→ Data for analysis:
________
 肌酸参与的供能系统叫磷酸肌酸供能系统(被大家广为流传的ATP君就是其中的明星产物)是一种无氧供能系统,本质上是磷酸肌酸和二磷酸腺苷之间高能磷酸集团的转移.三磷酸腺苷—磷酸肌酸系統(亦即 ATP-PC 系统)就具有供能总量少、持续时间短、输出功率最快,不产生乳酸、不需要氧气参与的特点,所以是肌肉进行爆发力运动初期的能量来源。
________
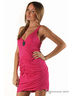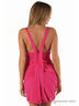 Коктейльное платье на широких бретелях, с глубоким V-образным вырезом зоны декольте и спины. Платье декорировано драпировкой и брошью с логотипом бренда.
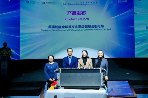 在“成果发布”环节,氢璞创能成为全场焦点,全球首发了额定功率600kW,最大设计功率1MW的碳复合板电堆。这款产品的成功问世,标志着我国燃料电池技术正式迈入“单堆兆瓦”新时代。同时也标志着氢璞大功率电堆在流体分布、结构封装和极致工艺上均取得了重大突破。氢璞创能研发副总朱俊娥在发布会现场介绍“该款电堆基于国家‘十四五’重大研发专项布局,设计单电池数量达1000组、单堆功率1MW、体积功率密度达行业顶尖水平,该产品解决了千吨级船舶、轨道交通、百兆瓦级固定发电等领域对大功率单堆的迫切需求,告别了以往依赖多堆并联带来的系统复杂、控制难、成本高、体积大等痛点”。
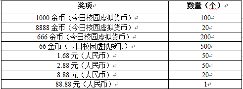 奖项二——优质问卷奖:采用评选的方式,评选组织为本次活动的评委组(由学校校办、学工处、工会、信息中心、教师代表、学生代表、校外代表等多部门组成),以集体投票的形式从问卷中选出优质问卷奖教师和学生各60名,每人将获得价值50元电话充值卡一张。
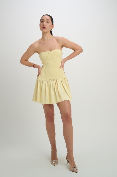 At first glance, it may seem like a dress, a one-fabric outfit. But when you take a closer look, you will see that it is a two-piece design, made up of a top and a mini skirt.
________
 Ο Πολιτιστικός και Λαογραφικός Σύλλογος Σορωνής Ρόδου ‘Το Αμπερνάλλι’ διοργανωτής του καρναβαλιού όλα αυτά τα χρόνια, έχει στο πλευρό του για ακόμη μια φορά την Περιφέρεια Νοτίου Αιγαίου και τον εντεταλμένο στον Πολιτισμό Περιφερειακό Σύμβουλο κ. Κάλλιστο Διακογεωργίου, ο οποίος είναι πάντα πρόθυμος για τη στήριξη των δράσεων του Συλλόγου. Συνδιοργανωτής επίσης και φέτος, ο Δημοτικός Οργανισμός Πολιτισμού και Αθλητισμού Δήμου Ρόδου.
________
→ About this exercise:
Only the lines starting at the one with "Коктейльное платье на" and ending at the one with "奖项二——优质问卷奖:采用评" should be printed, each exactly as it appears in the material above; the pictures are to be omitted.

→ The completed task:
 Коктейльное платье на широких бретелях, с глубоким V-образным вырезом зоны декольте и спины. Платье декорировано драпировкой и брошью с логотипом бренда.
 在“成果发布”环节,氢璞创能成为全场焦点,全球首发了额定功率600kW,最大设计功率1MW的碳复合板电堆。这款产品的成功问世,标志着我国燃料电池技术正式迈入“单堆兆瓦”新时代。同时也标志着氢璞大功率电堆在流体分布、结构封装和极致工艺上均取得了重大突破。氢璞创能研发副总朱俊娥在发布会现场介绍“该款电堆基于国家‘十四五’重大研发专项布局,设计单电池数量达1000组、单堆功率1MW、体积功率密度达行业顶尖水平,该产品解决了千吨级船舶、轨道交通、百兆瓦级固定发电等领域对大功率单堆的迫切需求,告别了以往依赖多堆并联带来的系统复杂、控制难、成本高、体积大等痛点”。
 奖项二——优质问卷奖:采用评选的方式,评选组织为本次活动的评委组(由学校校办、学工处、工会、信息中心、教师代表、学生代表、校外代表等多部门组成),以集体投票的形式从问卷中选出优质问卷奖教师和学生各60名,每人将获得价值50元电话充值卡一张。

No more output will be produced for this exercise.